What they feel is more important than petty personal prejudices.
When it comes to same sex parenting, it should be about the children, not about personal prejudices. Photo: Shutterstock

It was difficult not to be impressed by Mr Muscat’s opinion piece yesterday, a piece designed to throw shade on same-sex parenthood via a bombastic mishmash of rhetoric and sophistry.

Yup, the level of rubbish people are ready to commit to for the sake of promoting their agenda is indeed impressive. If you didn’t bother to read the piece, the opinion in question is risible in today’s society. To put it simply, same-sex couples make bad parents.

Mr Muscat didn’t use those exact terms, because he knows it would have made him very unpopular, very fast.

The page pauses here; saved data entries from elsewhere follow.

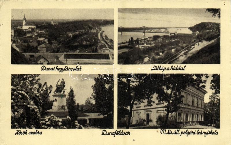 Leírás: 1936 Dunaföldvár, Dunai hegyláncolat, látkép a híddal, Hősök szobra, emlékmű, M. kir. állami polgári leányiskola. Kiadja Somló Manó (fa)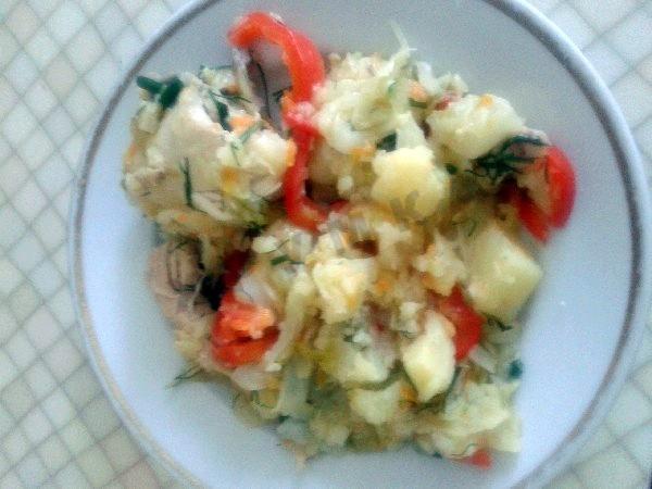 Чистим,режем картофель,добавляем к капусте. Солим-по вкусу. Тушим до полуготовности картофеля.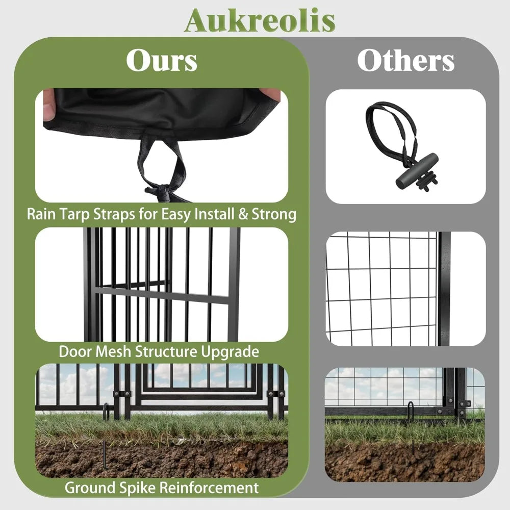 - Upgraded Sturdy Construction: Built with welded galvanized iron pipe for superior strength and chew-resistance, replacing traditional rolled wire mesh. Ground stakes securely anchor the kennel to the ground for unbeatable stability.

No, he didn’t even have the courage of his convictions, to dish it out straight and plain. Instead, he drowned us in rhetoric, hiding prejudices behind a layer of contrived waffle that he termed ‘empirical research’.

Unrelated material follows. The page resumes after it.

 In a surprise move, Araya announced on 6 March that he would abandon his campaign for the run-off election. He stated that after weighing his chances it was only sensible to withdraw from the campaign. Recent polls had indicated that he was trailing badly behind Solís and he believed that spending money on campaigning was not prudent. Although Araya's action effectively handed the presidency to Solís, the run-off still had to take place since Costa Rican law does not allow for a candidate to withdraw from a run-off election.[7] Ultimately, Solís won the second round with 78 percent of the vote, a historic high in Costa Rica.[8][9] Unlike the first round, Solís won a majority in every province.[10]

There’s only one problem. The opinions of two French political lobbyists do not constitute empirical research. However, I do find the evidence of children being raised by same sex couples growing into a happy and well-adjusted life very difficult to ignore. Maybe Mr Muscat doesn’t believe that a child’s happiness is empirical evidence enough. Maybe, unless it comes with a French name and all the irrelevant details typical of a junior anthropoligical paper, it fails to impress him. Or maybe, he only cares about winning this strange battle he chose to pick.

As an aside, I found the way the author went to some length to explain to us, the uneducated readers, all the LGBTIQA+ jargon while clearly not having any real clue of what the terms mean in real life very cute. Then again, why should I be surprised? Mr Muscat couldn’t even commit to an easily-sourceable Arab proverb he quoted (out of context). He felt the need to qualify it with the word ‘alleged’.

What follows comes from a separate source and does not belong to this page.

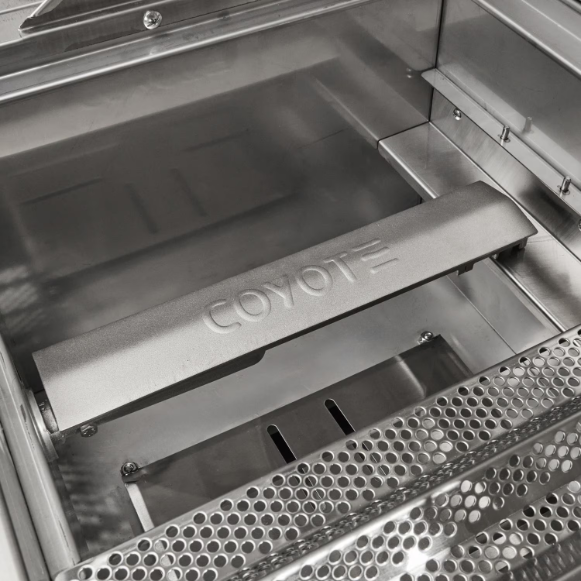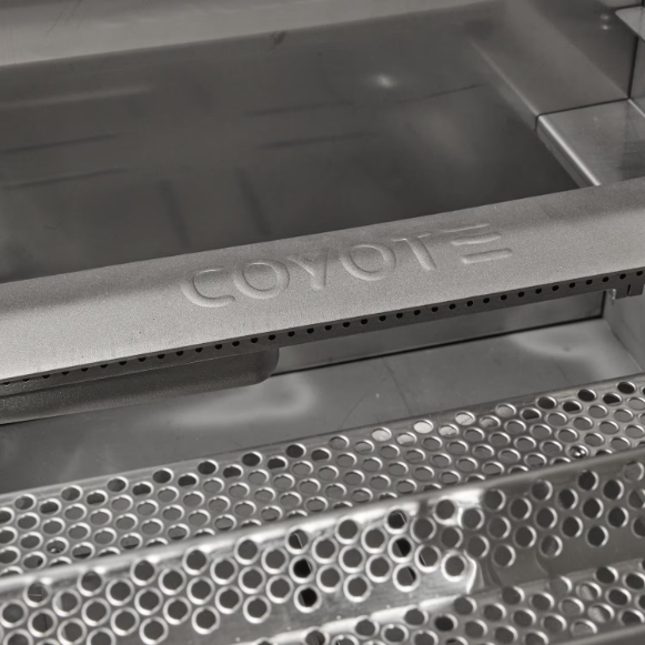 The Coyote natural gas & charcoal hybrid grill offer unmatched versality for the cooking enthusiast. Featuring two high-performance I-Burners, this hybrid grill delivers 30,000 BTUs of cooking power, while the integrated charcoal tray allows for traditional grilling with lump charcoal or wood chips. The heavy-duty stainless-steel frame withstands outdoor elements, while self-closing doors and drawers ensure secure storage. Industrial-quality casters provide smooth mobility, and fold-down shelves expand workspace as needed. A built-in slide-out propane tank shelf simplifies fuel management, making this cart a must-have for outdoor cooking enthusiasts.

It’s also impossible to ignore that nice little bit of sophistry where he equates discriminating against couples in a same-sex marriage to the legal ‘discrimination’ brought about by the age of consent. Nice try, but no. You’re talking apples and (alleged) oranges, Sir. Or, if you’ll forgive me for referring to an old and totally non-PC Maltese joke – don’t try to fob us off with ‘il-loġika tal-akwarjum‘ (if you know, you know).

But, to get back to the topic at hand, don’t get me wrong. I’m sure we can find plenty of ‘bad’ same-sex parents if we look for them. Just as we’ll find plenty such parents who subscribe to the ‘traditional’ formula the author is so eager to promote.

Me, I’d rather look at the children whose lives Mr Muscat is using to further his own ideological beliefs. And if they’re smiling, then it’s none of my business what gender their parents identify as. And I trust the majority of us are sensible enough to do the same.